First of all, and perhaps the least surprising use: the notes can be used to point out outstanding values, interesting findings, or remarkable cases. ‘Hey, that is funny! Here there is …’ is typically the stuff that discoveries are made of. Usually, the notes will contain the more ‘mundane’ findings, but they are still important enough to write down. Often the point of writing down the notes is simply to review and become acquainted with the data.

Secondly, data editors (assistants, researchers and others) can use the notes to add data that does not fit elsewhere in the data structure, but that they for one reason or another deem important to add anyways. In other words, they voluntarily enrich the data. If the data structure is in the early stages of its use or life cycle, this is something to keep track of, by regularly checking what kind of data editors have added. In case certain kinds of additions occur often or relatively often, this may point out an omission in the data structure.

Thirdly, the notes can be used to write down qualifications about data elsewhere in the data structure. Take for example, a start year that has to be entered for an event in a historical data set. Next, suppose that the archival sources are unclear about when a particular event started. If the data structure does not allow the data editor to express such uncertainty, he/she may look for other locations where to enter this, and the notes could be the ideal location. The may enter ‘Start year uncertain. Could be earlier than 1655’. Again, if data editors often use the notes for such qualifications of data, this may be a reason to adjust the data structure so that these qualifications can be formalized and integrated, which in my view will lead to an improvement of the data quality.
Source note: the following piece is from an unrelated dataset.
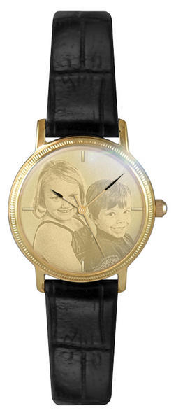 Women's Swiss Photo Laser Watch w/ Leather Band
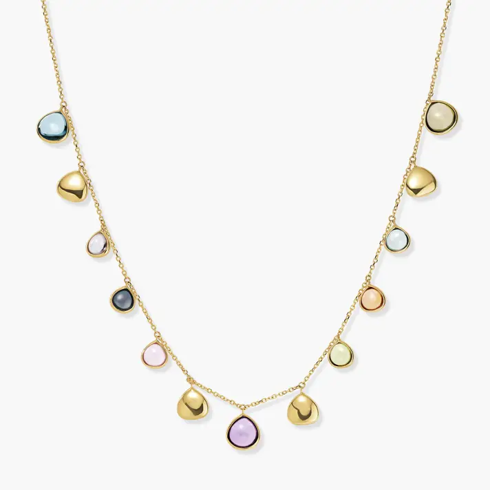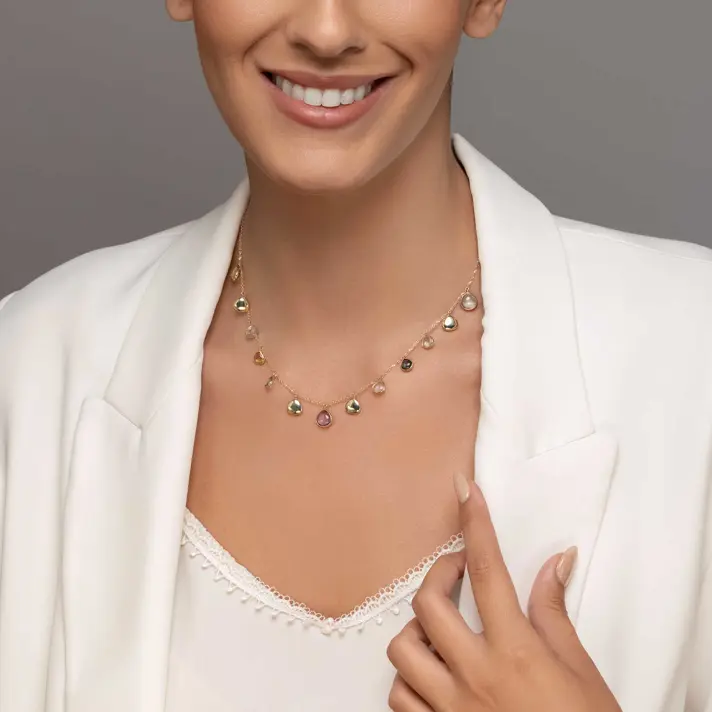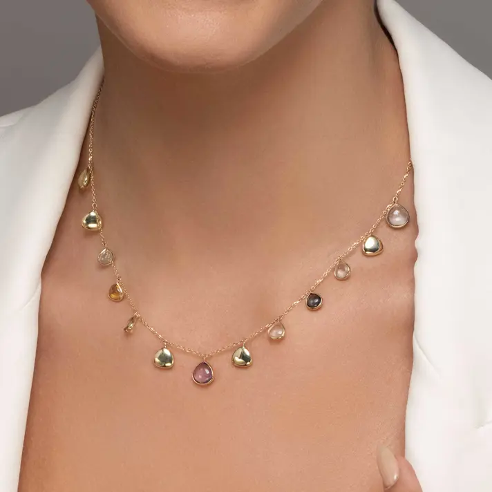 שרשרת רוז, מקולקציית ENERGY GEM - עשויה 2 שכבות זהב 14K צהוב, בשיבוץ אבני חן טבעיות. אבני החן ידועות כבר במשך שנים רבות כאבנים ייחודיות עם כוח מיסטי ועם תכונות מעצימות, כאשר לפי האמונה, כל מי שמחזיק באבן זוכה באנרגיה מיוחדת השייכת לאותה האבן. בשרשרת זו משובצות אבני החן רוז קוורץ, לונדון טופז, גרין אמטיסט, בלו טופז. אורך השרשרת 43 ס"מ.

Fourthly, notes can be used by data editors to communicate with each other, for example about the status of a piece of data : a transcription of an interview, a row in a spreadsheet, or a record in a relational database. Here too, regular reviewing of the notes may lead to identification of patterns in such communications that can then be used to improve the data collection’s structure or interface.

Fifthly, there is the ‘other’ use of the notes. The unforeseen use. Above, a number of possible uses is identified, but the list is not comprehensive. In fact, one could claim that it can not be comprehensive, which is where the power of notes really shows itself.

Reviewing the notes to unleash their power

In the previous, it becomes clear that an import part of the data management is to review the notes on a regular basis, in order to see if patterns in their use emerge. If so, one should consider taking action by adjusting the data structure, the interface, the instructions for the data editors, work processes and so on.

Depending on the adjustments, the data concerned should be reviewed and changed so that the notes that triggered the adjustments can be deleted. After all, the new structure and work processes have incorporated the particular use of the notes. For example, the start year for the event in the historical database, received an additional field that allows to indicate that the start could have been earlier than the year entered.